Dividing by 2, we get: \( \alpha + \beta = 90^\circ \).
Now, consider \( \triangle RST \) (where R and S are points on the line RABS, and T is the intersection of RD and SC produced):
The angle \( \angle TRS \) is the same as \( \angle ARD \) from \( \triangle RAD \). So, \( \angle TRS = \alpha \).
The angle \( \angle TSR \) is the same as \( \angle BSC \) from \( \triangle BSC \). So, \( \angle TSR = \beta \).
The sum of angles in \( \triangle RST \) is 180 degrees:
\( \angle RTS + \angle TRS + \angle TSR = 180^\circ \).
\( \angle RTS + \alpha + \beta = 180^\circ \).
Substitute \( \alpha + \beta = 90^\circ \):
\( \angle RTS + 90^\circ = 180^\circ \).
\( \angle RTS = 180^\circ - 90^\circ = 90^\circ \).
Therefore, RD and SC when produced meet at right angles.

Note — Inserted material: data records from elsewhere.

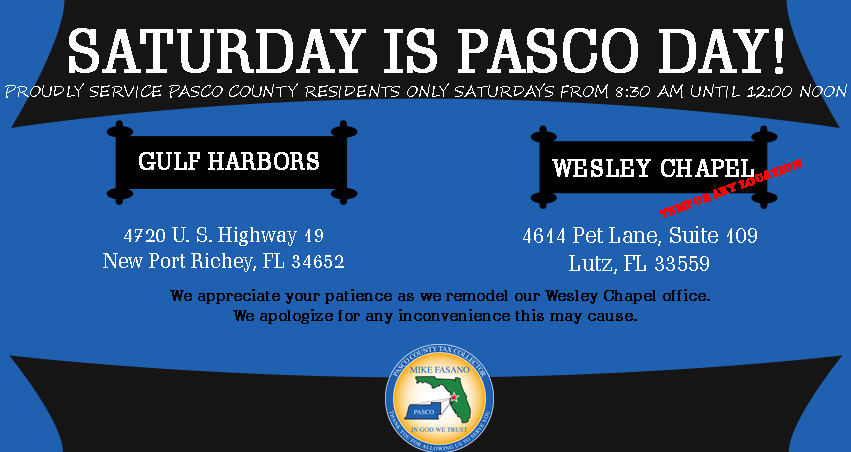 Tax Collector Mike Fasanos five offices will feature. Name New Port Richey Tax. Pasco County Tax Collectors Office at Gulf Harbors 4720 US-19 New Port Richey FL 34652.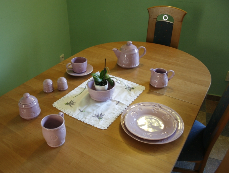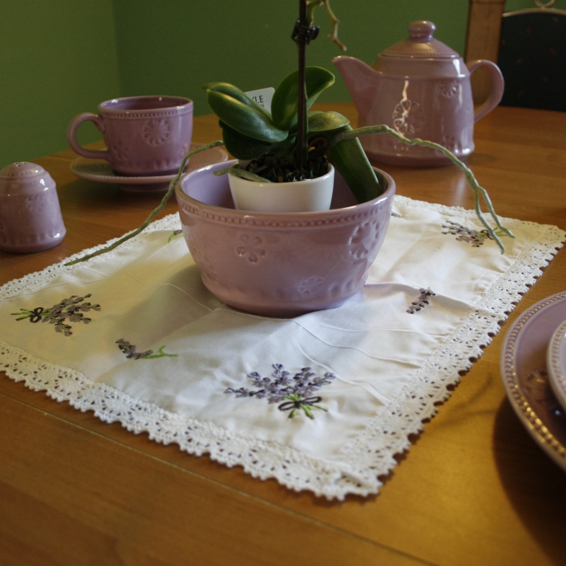 Obrus na obrázku je obdĺžnikového tvaru . Jeho rozmery sú 32 x 41 cm . Obrus je vyrobený z bavlny . Zdobí ho bavlnená čipka a nádherná levanduľová výšivka . V každom rohu obrusu je vyšitý zväzoček levanduľa, medzi nimi nájdete vyšitou levanduľovou vetvičku .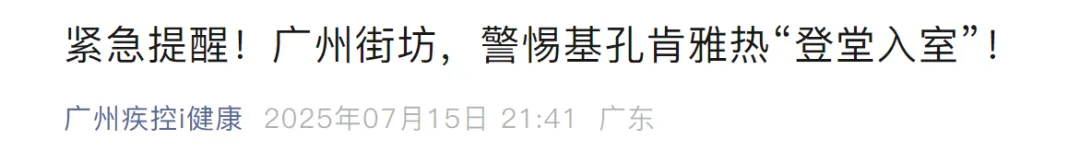 7月15日,佛山市顺德区通报一起境外输入引起的基孔肯雅热本地疫情。同日,广州市疾病预防控制中心通过微信公众号发布提醒,指广州存在基孔肯雅热的传播风险,请广州街坊们警惕这一疾病通过蚊子传播“登堂入室”;每一次清理家中积水,每一次喷洒驱蚊剂,每一次对孳生地的清理,都是对自身健康、家人安康和社区安全的坚实守护。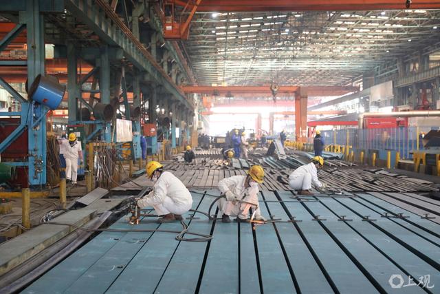 新年伊始,集团旗下沪东中华造船(集团)有限公司长兴岛新厂区一派繁忙,在建船舶停满船坞,单个船坞内便有四艘同时在建;待交付的船舶披上彩妆屹立于码头,内部忙着进行设备调试;加工车间内机器轰鸣火花四起,工人和协作默契,将一片片钢板加工成分段组件,周而复始形成闭环。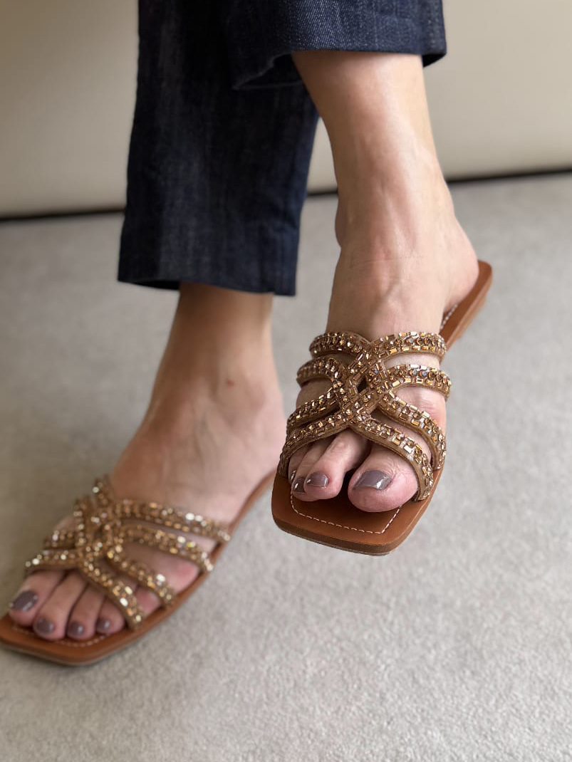 A rasteira com tiras espelhadas é perfeita para adicionar um toque moderno e jovem nas produções de verão. Transita bem com peças do dia a dia quanto em produções noturnas . Aposte!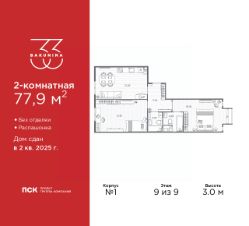 2-комн. квартира в ЖК "BAKUNINA 33" на 9 этаже. Квартира без отделки, новый владелец может сделать ремонт по индивидуальному проекту. Общая площадь: 77.9 кв.м., жилая: 41.57 кв.м., площадь просторной кухни-столовой: 21.26 кв.м. Квартира - распашонка, без проходных комнат, окна выходят на paзные стороны дома. В квартире один балкон, два совмещенных санузла. Высота потолков 3.0 м.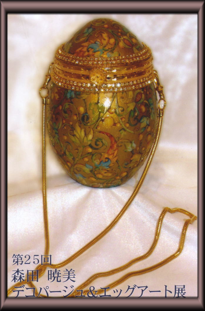 『第25回 森田暁美デコパージュ&エッグアート展』 日: 12月2日(水)〜12月7日(月) 時間:AM10:00−PM7:00 (最終日は5:00) 場所:アートスペース大宝堂 (熊本市上通りメガネの大宝堂地下) 連絡先:熊本市練兵町25-2-803 Tel:096-324-0833 |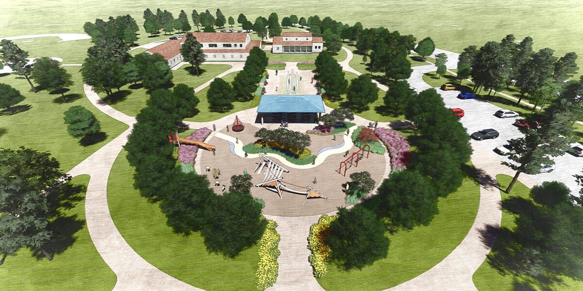 | HIGHLIGHTS: | Sports fields, restroom/concession building, walking trails, kayak launch, event lawn, pavilion, tennis courts, pool complex, renovated pool building, playground, splash pad & pavilion, renovated community center, garden, and fitness stations. |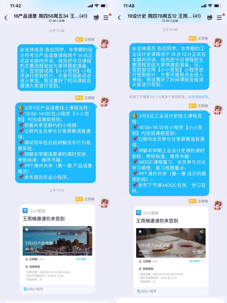 为深入贯彻教育部和省教育厅疫情防控期间“停课不停教、停课不停学”的号召,保障线上教学质量,机电工程学院王雨楠老师积极参加了在线教学培训。按照教学安排,王老师本学期教授机电工程学院18级3D仿真1班及19级3D仿真1班《设计符号与产品语义》和《工业设计史》课程,在备课时她充分考虑到学情、专业特性、课程特点、师生互动基础等因素,并采用QQ群作为线上教学的主要工具。具体做法如下:

In simple words: Imagine a diamond shape (rhombus). If you extend its base line evenly on both sides, then draw lines from the top corners of the rhombus to the ends of this extended base, these two new lines will cross each other at a perfect right angle. This happens because the angles created at the base add up to 90 degrees.

🎯 Exam Tip: This question involves using properties of rhombuses (equal sides, supplementary adjacent angles) and isosceles triangles (equal base angles). The key is to relate the interior and exterior angles correctly to find the sum of angles in the final triangle.